Two RCTs compared radical prostatectomy (surgical removal of the prostate) with watchful waiting. A study of 695 men found that surgery (compared with watchful waiting) significantly reduced the risk of death from prostate cancer at 10 years from 15 percent to 10 percent, and the risk of metastases (spread to other organs) at 10 years from 25.4 percent to 15.2 percent. However, very few of the men in this trial had cancer that was detected by PSA testing. Other studies compared variations on surgery (with or without androgen deprivation) or radiation therapy (external-beam radiation therapy or EBRT with or without androgen deprivation), brachytherapy (implanted pellets of radioactive material, with or without EBRT), or other combinations. A number of clinical trials are underway that may help fill in the gaps in knowledge of the comparative effectiveness of and risk of harms associated with various prostate cancer treatments.

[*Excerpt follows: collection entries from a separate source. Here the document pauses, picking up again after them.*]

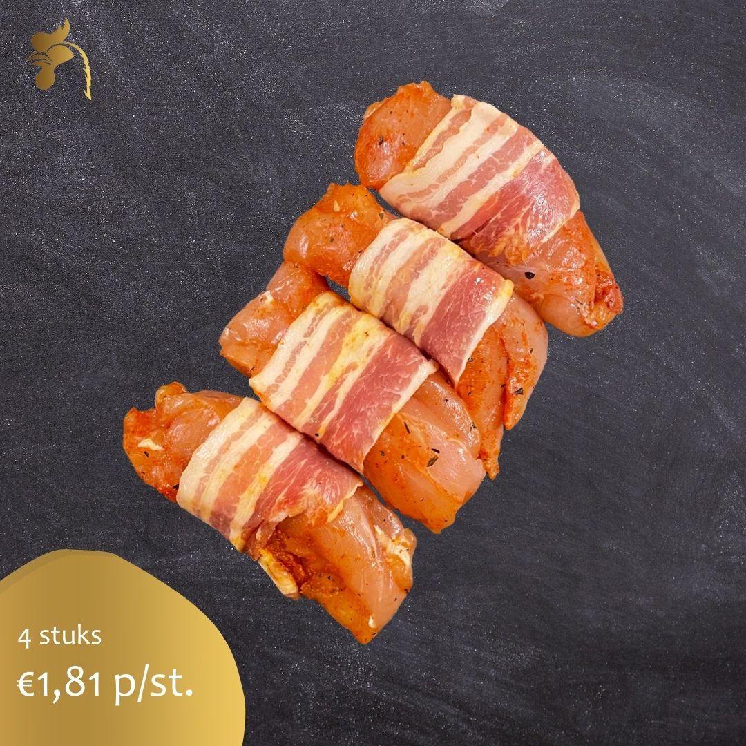 Ambachtelijk bereide kipfilet vinken. Heerlijk op smaak gekruid en omwikkeld met spek. Smaakvol en lekker mals. De kipvinken hebben een gewicht van ca. 125 gr. p/stuk.
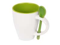 Стильная кружка на 320 мл с ложкой выполнены в контрастном сочетании цветов. Оригинальная форма ручки кружки позволяет крепить в ней ложку. Замечательный подарок для коллег по работе. Комплектность: кружка d8, 5 х 10 см, ложка 12 см
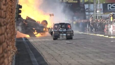 Acidente de piloto paranaense em prova de arrancada: carro de R$ 2 milhões antes e depois do sinistro
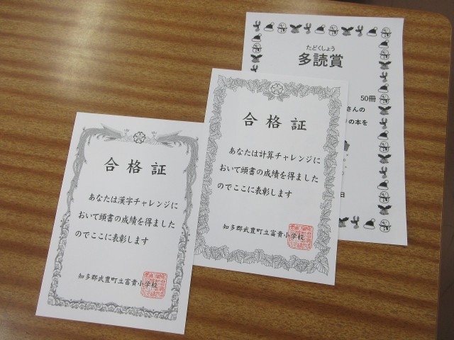 今日のふきっ子3年生の学活の様子です。通知表の他に多読賞、漢字チャレンジ・計算チャレンジの合格証が配られました。

The study was funded by the Agency for Healthcare Research and Quality (Contract No. 290-02-0009) as a part of the Agency's Effective Health Care Program. For more information, go to http://effectivehealthcare.ahrq.gov.

See "Systematic review: Comparative effectiveness and harms of treatments for clinically localized prostate cancer," by Dr. Wilt, Roderick MacDonald, M.S., Indulis Rutks, B.A., Tatyana A. Shamliyan, M.D., M.S., and others in the March 18, 2008, Annals of Internal Medicine 148(6), pp. 435-448.